One way to approach the issue to integrate a defect tracker and an expert system database as two distinct but closely coupled tools. If I were using the architecture I described earlier, I would start by going to my expert system first. I would investigate my symptoms and determine whether or not there’s already a solution for my problem. That is, maybe my symptoms do not represent a software defect at all. Rather, diagnostics reveal a fault in hardware or installation parameters. If I don’t find a known solution, then the process of exercising the expert system has got me started on the path of breaking down my problem into well defined pieces. This will help me to design tests for further investigation and it will provide the basis for a new addition to the expert knowledge base once I’ve diagnosed my bug the hard way.
Upon exiting the expert system without a solution, I would turn to the bug tracker to document what I know. Maybe when I started I thought I had a single symptom, but my tour though the knowledgebase gave me a new perspective and I create multiple symptoms. This will make it easier to migrate the information back into the knowledgebase when I’ve fixed the bug, and I can still link all of these symptoms to a single task. Remember, the primary goal of a defect tracker is to allow me to manage my work.
To make life easier, maybe my defect tracker has a means of storing symptom data as expert system entities. That I can move back and forth between the two tools in native format rather than, say, cutting and pasting text between them. That doesn’t mean I should shy away from free form text. My defect tracker should have room for this too, since in the early stages of problem investigation I might want to brain dump a lot of random thoughts and observations. The same can be said for the objects storing the causes.
What I’ve constructed here is a trio of inter-related tools: a defect tracker, an expert system knowledgebase and an electronic lab notebook. All three share a two-way relationship with the other two. Clearly, the tracker is closely related to the knowledgebase, but test results in the notebook may be merged into the knowledge base two without necessary going through the tracker first. After all, you may stumble upon some properties of the system that don’t contribute much to your particular investigation but which are not currently represented in the knowledgebase and might be of use in the future. Likewise, the knowledge base could aid in interpreting test results and iterating over test designs throughout the investigation process.
It occurs to me to ask the question: are these really three separate tools, or three views on the same model? I think ideally they are the latter. Practical concerns may causes us to deploy our environment with separate tools because we might be able to cobble them together from existing software. But I could imagine a single vendor building a defect tracker and lab notebook interface on top of an expert system which actually manages everything.

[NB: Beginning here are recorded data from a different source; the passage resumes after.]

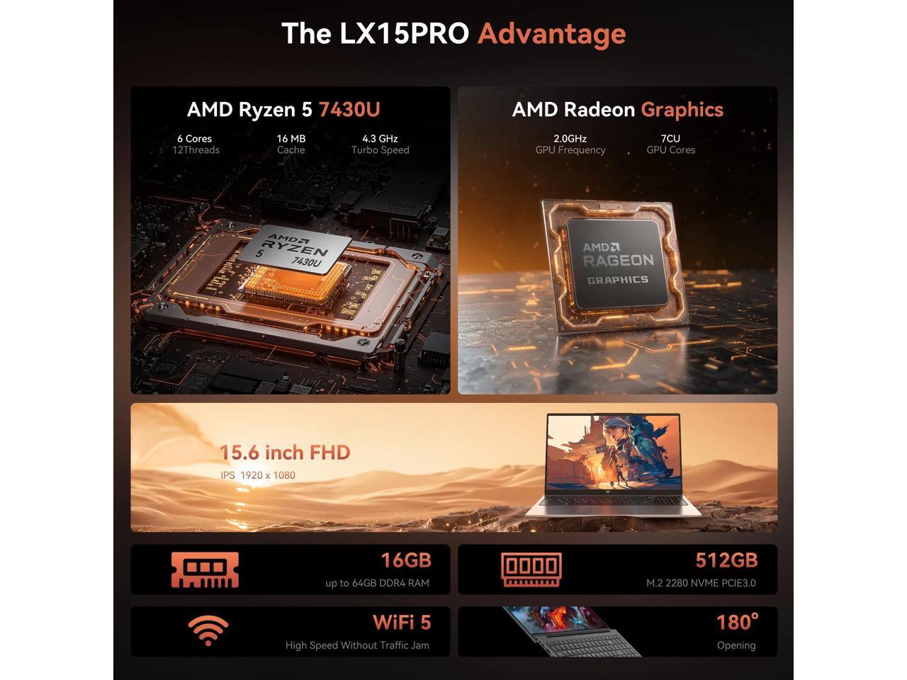 ACEMAGIC LX15PRO 15.6 in FHD Laptop AMD Ryzen 5 7430U 16GB DDR4 512GB SSD with Windows 11 Pro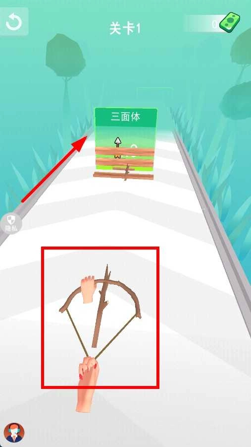 2、踏入关卡后,手持以树枝制成的弓箭,顺着道路前行,将目光锁定在前方标有“三面体”等字样的目标上,做好发射箭矢的准备。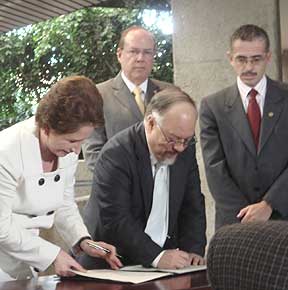 Ing. J. M. Dengo recibe el anuncio. |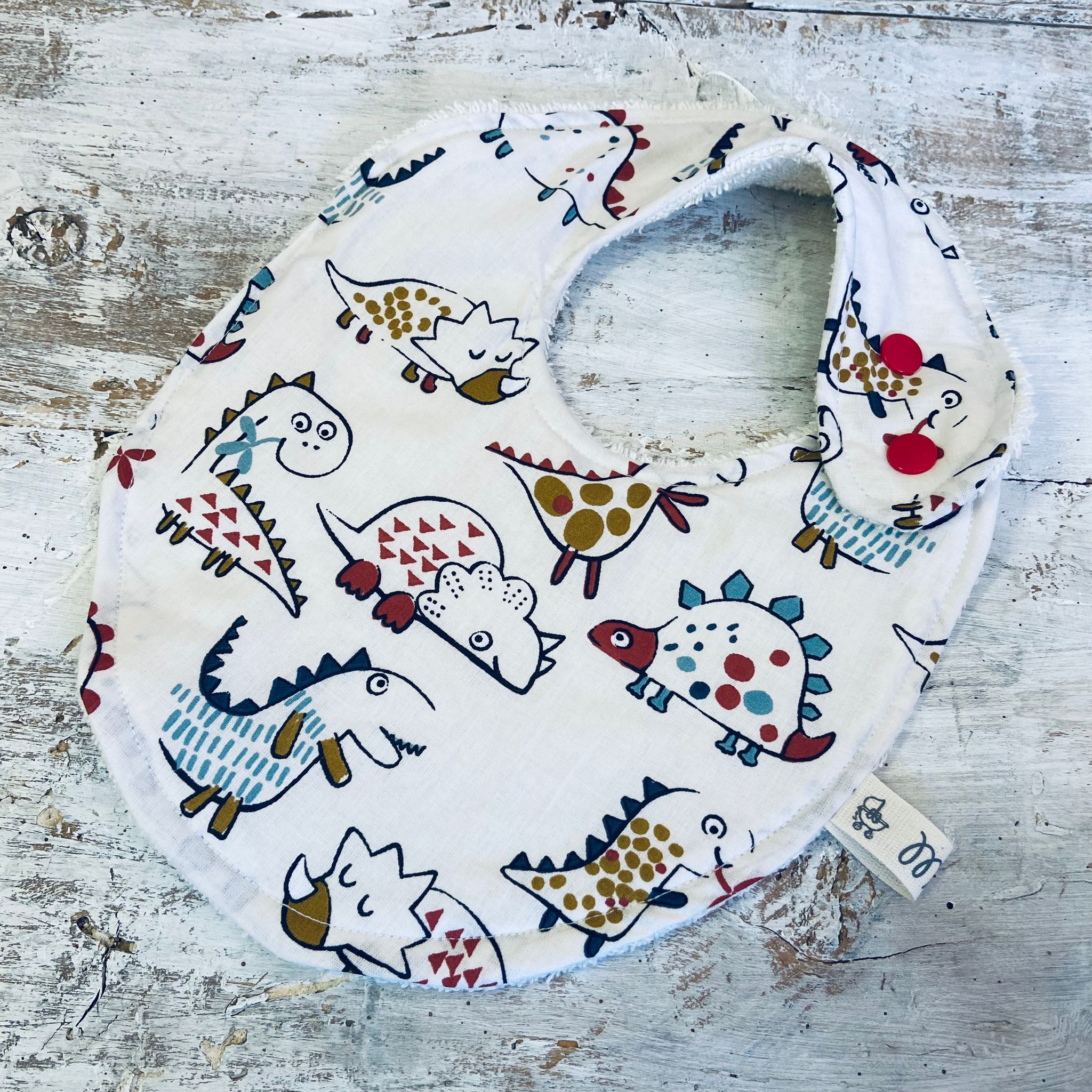 Bavaglino con un lato in morbida spugna e l’altro in 100% cotone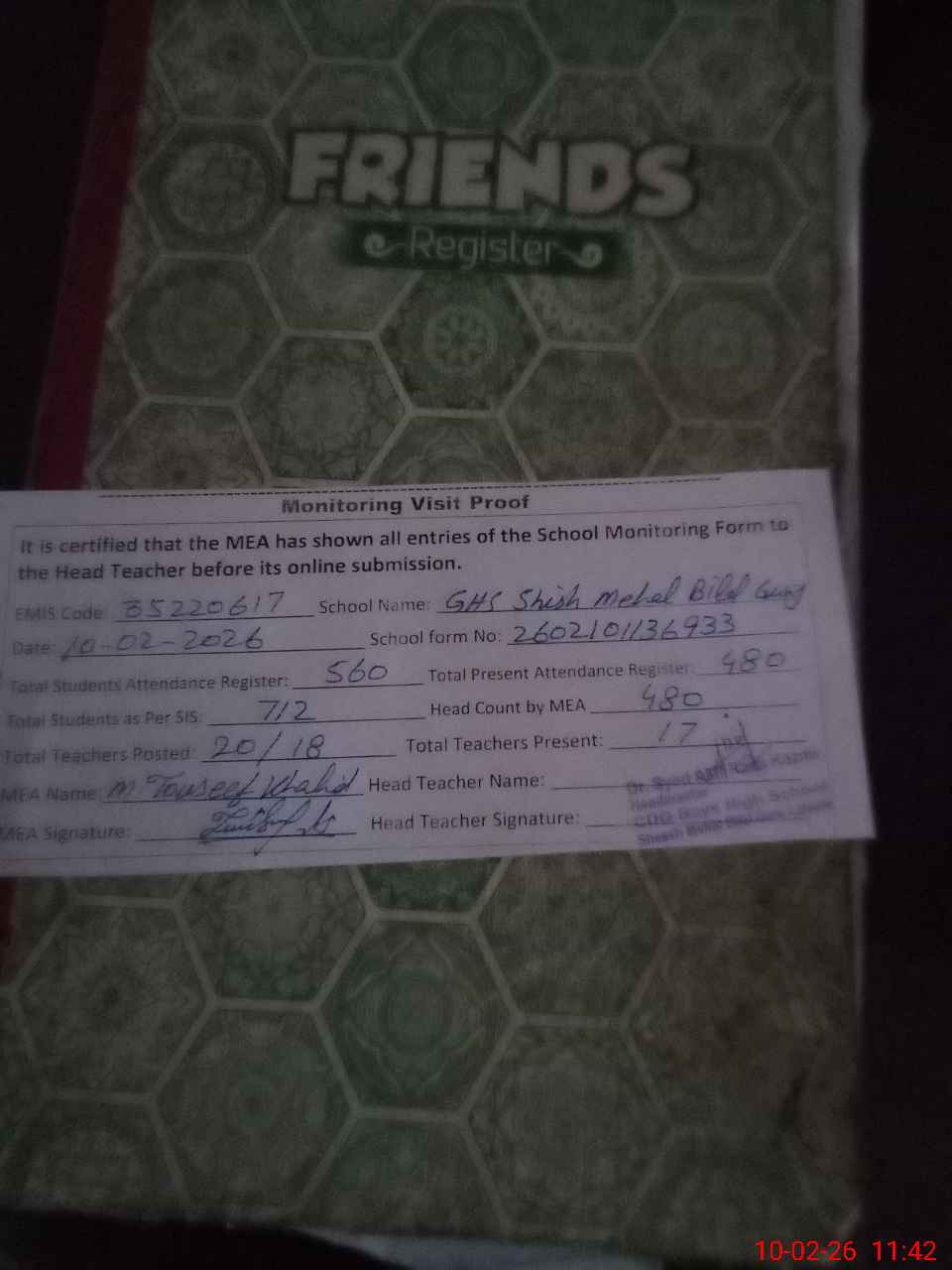 | Attendance Register | Head Teacher | MEA with School | Visit Proof |

How To Make Defect Trackers Better

15 07 2010

In a previous post, I discussed how the defect tracking tool with which I’m familiar don’t work well with approaching problems scientifically.  A part of the problem is organization for test results, which I may deal with in another entry, but I think the larger issue is that the terms “defect” or “bug” confound several separate concepts.  I don’t know if there are any defect tracking tools out there which handle these ideas appropriately, but I will detail my own approach to the problem.  If anyone knows of a good tool which does likewise or does it better, then I’d  be happy to hear about it.

The first objective is to define three independent terms: symptoms, causes and tasks.  A symptom is some output or aggregation of outputs from your software.   Outputs in this case may include crashes and other side effects from running the software that are not included in the intended vector of output (e.g. stream I/O or GUI).  These are what most people would call bugs.  A cause is the root cause of a symptom, such as a coding error or an incorrect parameter.  A cause may result in more than one symptom, and multiple causes may have the same symptom.  A task is something on your to-do list.  Most tasks probably begin life as an investigation into the cause of a particular symptom.  As tasks mature, they became well defined prescriptions for repairing a known cause.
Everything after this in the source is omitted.